Location: Charlotte, NC
2,349 posts, read 2,194,735 times
Reputation: 2956
Quote:
Originally Posted by beachmel View Post
Neither the OP nor other posters here are talking about infants. They're talking about toddlers and older children.
The poster right above me was talking about infants, but I believe a NEED is still being expressed.

To determine for someone else whether what they're requesting is a want or need, and base your response on that, is highly insulting, and will get in the way of a deeply close, trusting relationship.

To automatically turn a child's request down because they're a child doesn't acknowledge that they're people in their own right. If cosleeping truly doesn't work for the OP, and a mattress in the same room doesn't work, talk with the child about possible solutions. Kids are incredibly creative and "outside the box" thinkers. "Mommy can't sleep when you're in my bed, and I need my rest. Can you think of ideas so I can get sleep?" It's not limited to two options.

I can't imagine any child, anywhere, who would say, "Hey, maybe I can cry for a few nights until I recognize that you won't listen to me." Children are people, real people.
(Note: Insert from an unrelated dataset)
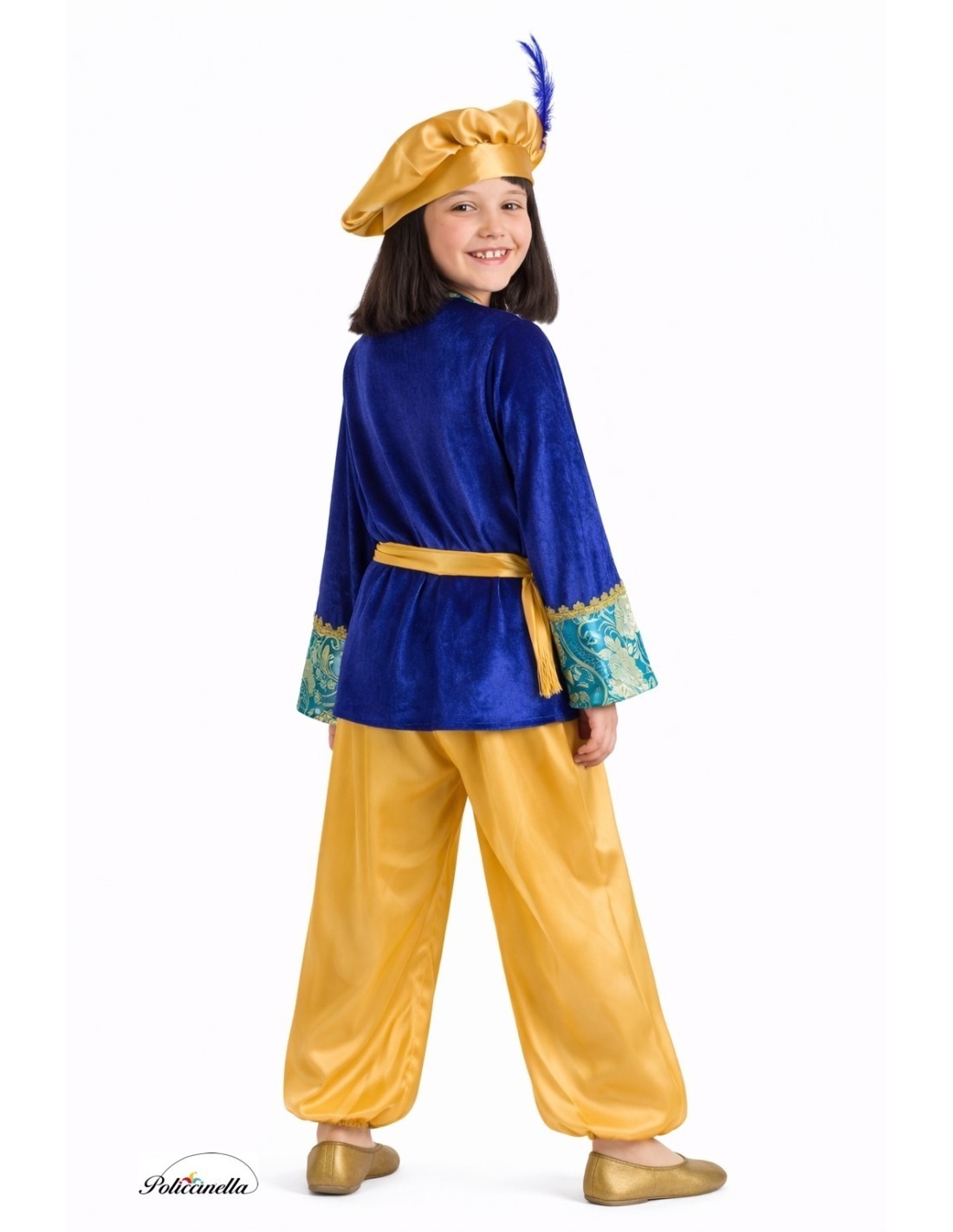 Questo costume da paggio brilla per la sua realizzazione di alta qualità e l'eleganza dei suoi dettagli. La giacca, in velluto blu elettrico dal tocco delicato, si chiude con del velcro al collo e presenta uno spettacolare davanti e maniche decorati con stoffa damascata e passamanerie dorate che conferiscono un'aria maestosa. Il pantalone, in raso dorato, ha dell'elastico in vita e alle caviglie per una vestibilità comoda, mentre la cintura, anch'essa in raso, è decorata con frange dorate che conferiscono distinzione. Il cappello a bombetta, in raso coordinato e con una piuma in cima, completa il set. Il gioiello del costume è senza dubbio il lussuoso damasco della giacca, che conferisce autenticità e nobiltà. Un abito morbido, vistoso e distinto, ideale per sfilate, presepi viventi e celebrazioni natalizie piene di tradizione. "La stampa del tessuto può variare leggermente rispetto a quella mostrata in fotografia, mantenendo sempre la stessa qualità e stile."

Listen to what they're saying!

I do think helping them to sleep in their own room, then stepping out is certainly worth a try! But if the child is very resistant to that idea, a NEED is being expressed.


Quote:
Originally Posted by Momma_bear View Post
Babies do need to learn to self sooth, but that does not need to happen when an infant is first born.
Babies don't NEED to learn that; a child will grow into that, if they are supported and nurtured. Again, what you think you're teaching a child and what they're learning are often worlds apart.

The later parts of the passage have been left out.